→ **WORK INSTRUCTIONS**
Each line below from the line with "You Look Good" to the line with "6.12.1 Buy Hutton" must be copied exactly, including those two, and no picture may appear in the copy.

→ **SUPPLIED DATA**
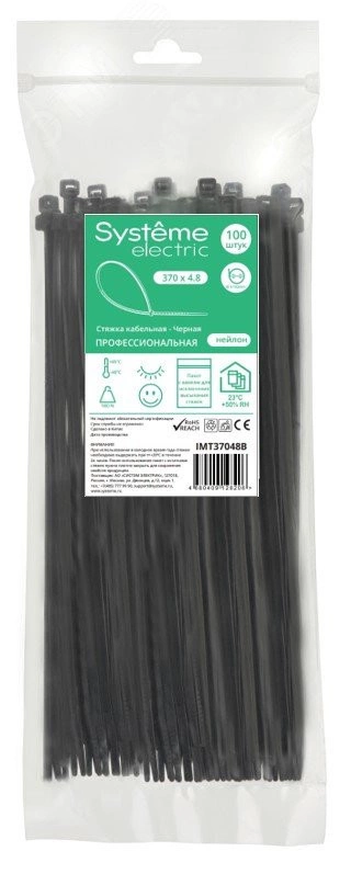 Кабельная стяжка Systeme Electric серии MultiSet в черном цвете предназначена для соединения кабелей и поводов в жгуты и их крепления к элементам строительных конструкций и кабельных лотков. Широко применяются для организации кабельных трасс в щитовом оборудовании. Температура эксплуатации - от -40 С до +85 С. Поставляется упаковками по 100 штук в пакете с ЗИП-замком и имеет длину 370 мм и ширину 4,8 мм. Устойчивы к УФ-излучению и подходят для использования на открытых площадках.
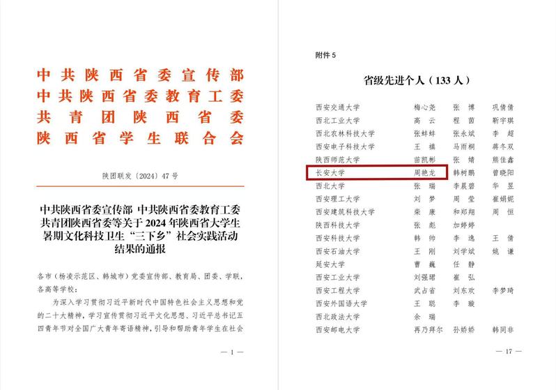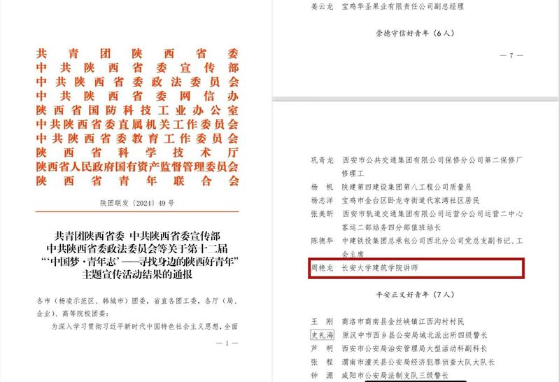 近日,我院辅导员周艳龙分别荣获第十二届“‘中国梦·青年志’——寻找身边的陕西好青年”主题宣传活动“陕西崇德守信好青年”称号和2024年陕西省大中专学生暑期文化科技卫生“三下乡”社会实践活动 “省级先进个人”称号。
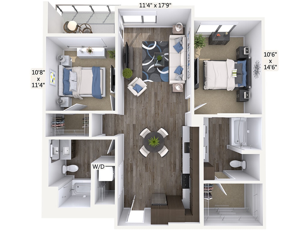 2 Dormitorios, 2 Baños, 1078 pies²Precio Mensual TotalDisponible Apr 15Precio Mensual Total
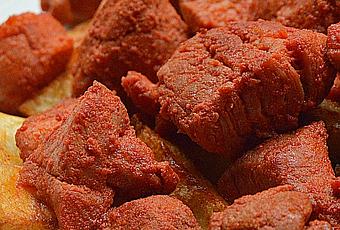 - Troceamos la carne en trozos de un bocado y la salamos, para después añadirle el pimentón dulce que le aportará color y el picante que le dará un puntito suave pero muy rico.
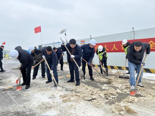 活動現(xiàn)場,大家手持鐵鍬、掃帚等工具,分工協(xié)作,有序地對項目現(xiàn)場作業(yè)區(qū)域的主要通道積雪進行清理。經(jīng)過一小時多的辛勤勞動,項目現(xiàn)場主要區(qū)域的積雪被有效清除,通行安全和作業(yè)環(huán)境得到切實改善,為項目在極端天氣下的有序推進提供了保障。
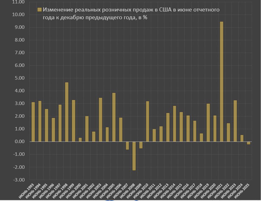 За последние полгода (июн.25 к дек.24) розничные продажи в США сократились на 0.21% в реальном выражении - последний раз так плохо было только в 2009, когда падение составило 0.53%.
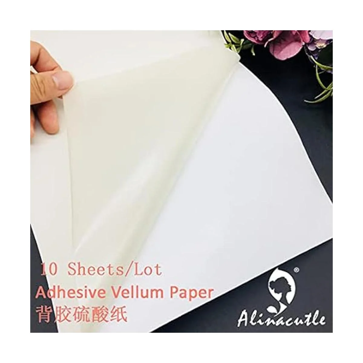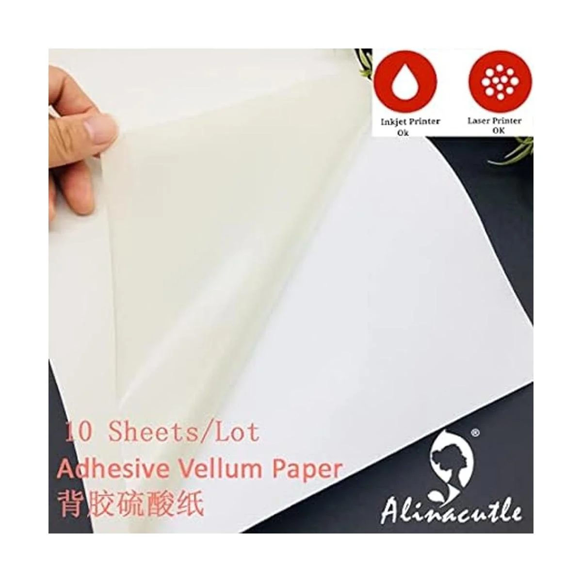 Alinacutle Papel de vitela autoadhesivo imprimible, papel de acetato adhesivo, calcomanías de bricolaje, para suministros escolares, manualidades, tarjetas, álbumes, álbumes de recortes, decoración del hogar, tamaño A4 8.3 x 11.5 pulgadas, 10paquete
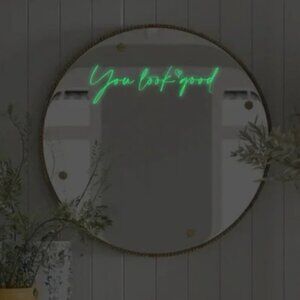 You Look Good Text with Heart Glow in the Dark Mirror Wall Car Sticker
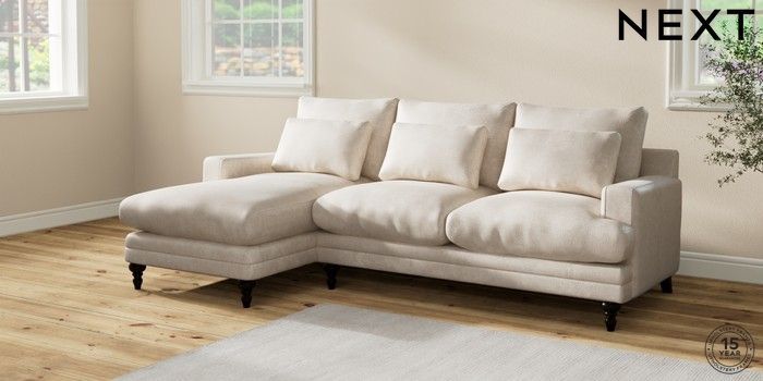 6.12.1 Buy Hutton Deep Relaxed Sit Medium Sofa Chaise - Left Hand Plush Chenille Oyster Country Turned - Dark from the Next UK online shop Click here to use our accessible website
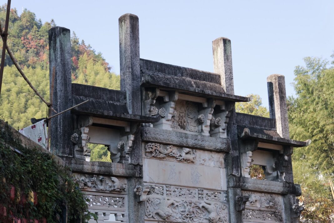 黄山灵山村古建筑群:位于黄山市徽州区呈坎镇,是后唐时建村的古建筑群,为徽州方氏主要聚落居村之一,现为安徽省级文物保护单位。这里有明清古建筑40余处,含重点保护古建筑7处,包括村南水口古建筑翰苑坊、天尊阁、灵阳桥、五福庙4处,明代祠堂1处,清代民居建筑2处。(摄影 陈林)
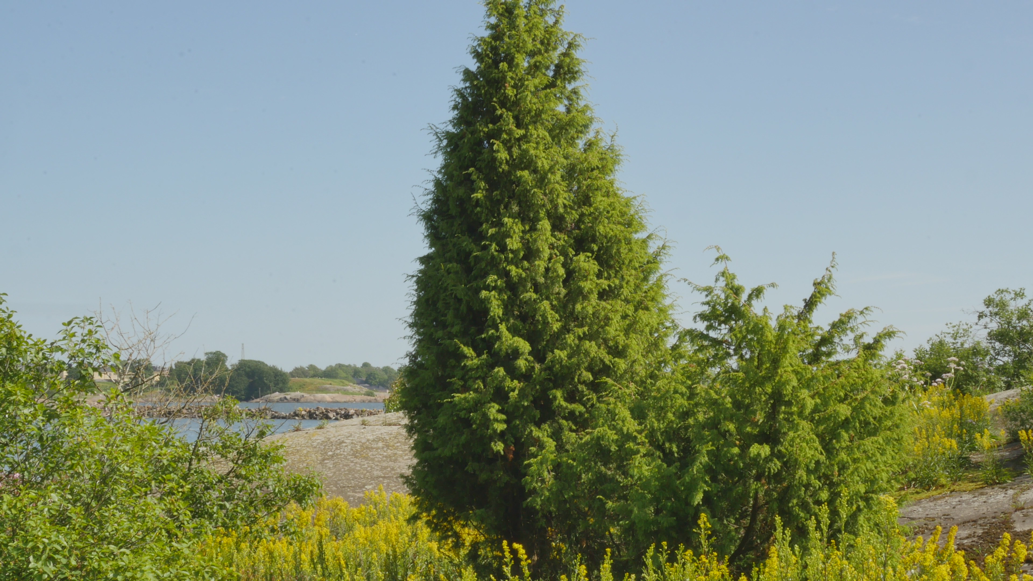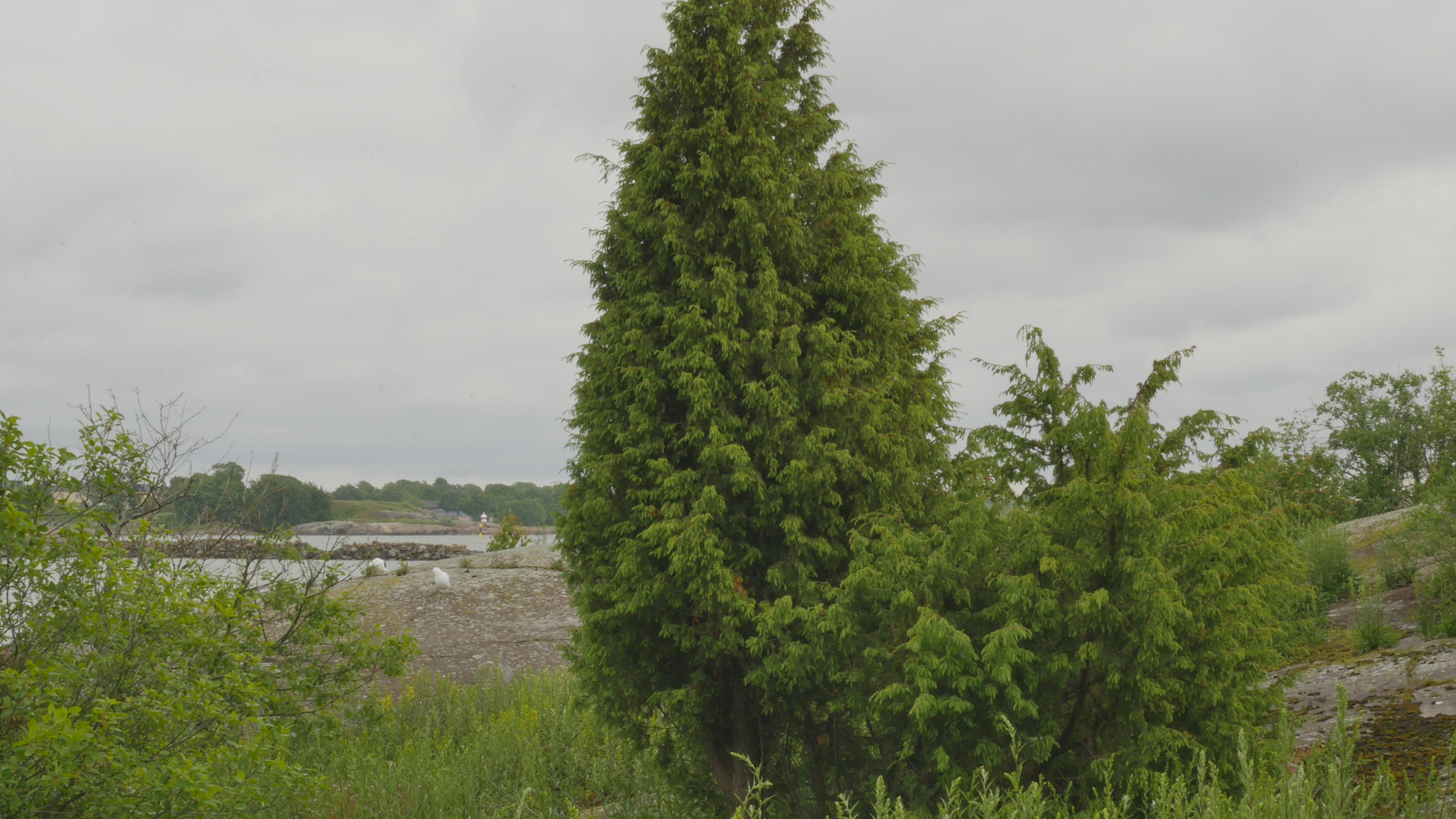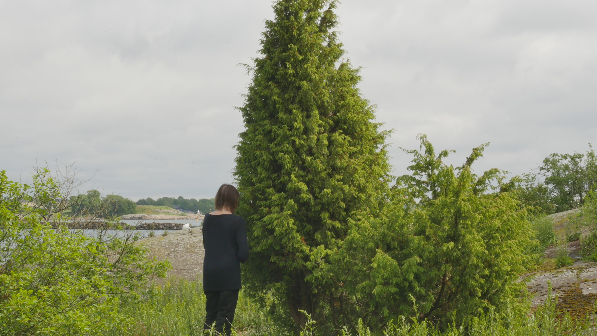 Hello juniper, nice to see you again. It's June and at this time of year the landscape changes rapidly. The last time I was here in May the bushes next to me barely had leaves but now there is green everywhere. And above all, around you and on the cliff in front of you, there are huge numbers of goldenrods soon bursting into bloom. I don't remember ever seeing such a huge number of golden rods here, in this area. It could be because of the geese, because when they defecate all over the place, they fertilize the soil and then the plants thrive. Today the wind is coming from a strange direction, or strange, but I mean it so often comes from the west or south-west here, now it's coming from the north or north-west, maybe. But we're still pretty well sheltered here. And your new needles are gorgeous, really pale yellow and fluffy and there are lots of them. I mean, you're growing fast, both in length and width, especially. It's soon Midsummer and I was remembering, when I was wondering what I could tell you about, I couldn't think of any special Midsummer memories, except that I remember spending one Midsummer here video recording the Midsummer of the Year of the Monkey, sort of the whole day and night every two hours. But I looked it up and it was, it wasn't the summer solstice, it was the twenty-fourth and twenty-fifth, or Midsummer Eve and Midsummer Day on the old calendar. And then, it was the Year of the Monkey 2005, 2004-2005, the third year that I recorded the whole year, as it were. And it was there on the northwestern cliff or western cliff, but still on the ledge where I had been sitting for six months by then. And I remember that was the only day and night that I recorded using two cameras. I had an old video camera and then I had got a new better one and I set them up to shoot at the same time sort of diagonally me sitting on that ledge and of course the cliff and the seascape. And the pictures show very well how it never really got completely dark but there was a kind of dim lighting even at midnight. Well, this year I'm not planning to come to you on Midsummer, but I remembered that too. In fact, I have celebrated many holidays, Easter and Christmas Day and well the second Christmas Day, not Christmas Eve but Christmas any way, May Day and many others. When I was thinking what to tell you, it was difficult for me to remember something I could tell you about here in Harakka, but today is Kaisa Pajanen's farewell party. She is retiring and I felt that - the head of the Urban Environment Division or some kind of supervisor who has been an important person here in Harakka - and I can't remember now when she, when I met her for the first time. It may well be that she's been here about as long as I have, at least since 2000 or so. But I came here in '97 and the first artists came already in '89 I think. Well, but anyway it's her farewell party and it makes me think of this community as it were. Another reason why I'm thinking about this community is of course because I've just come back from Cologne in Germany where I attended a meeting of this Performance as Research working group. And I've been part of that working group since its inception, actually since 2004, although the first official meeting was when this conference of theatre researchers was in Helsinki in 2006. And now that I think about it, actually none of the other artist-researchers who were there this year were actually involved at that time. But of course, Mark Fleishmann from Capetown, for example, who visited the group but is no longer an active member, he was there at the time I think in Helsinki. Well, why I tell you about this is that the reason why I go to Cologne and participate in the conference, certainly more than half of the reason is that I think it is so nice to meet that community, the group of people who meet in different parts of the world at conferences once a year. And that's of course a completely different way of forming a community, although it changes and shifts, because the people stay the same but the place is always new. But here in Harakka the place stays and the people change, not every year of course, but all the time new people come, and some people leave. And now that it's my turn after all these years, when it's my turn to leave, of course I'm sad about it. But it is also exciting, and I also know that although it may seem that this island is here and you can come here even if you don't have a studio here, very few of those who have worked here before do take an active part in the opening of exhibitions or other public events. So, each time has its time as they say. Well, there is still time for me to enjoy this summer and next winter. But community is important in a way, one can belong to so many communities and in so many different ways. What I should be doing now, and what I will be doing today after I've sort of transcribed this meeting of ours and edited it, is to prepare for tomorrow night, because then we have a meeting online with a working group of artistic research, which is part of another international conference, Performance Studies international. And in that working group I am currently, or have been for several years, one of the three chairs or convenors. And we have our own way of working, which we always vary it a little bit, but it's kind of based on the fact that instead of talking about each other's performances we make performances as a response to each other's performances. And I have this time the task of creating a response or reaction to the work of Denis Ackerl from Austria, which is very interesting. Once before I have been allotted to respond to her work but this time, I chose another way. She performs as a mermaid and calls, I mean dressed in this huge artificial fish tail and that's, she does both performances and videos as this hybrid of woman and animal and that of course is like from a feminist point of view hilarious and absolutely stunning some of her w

→ **YOUR SOLUTION**
 You Look Good Text with Heart Glow in the Dark Mirror Wall Car Sticker
 6.12.1 Buy Hutton Deep Relaxed Sit Medium Sofa Chaise - Left Hand Plush Chenille Oyster Country Turned - Dark from the Next UK online shop Click here to use our accessible website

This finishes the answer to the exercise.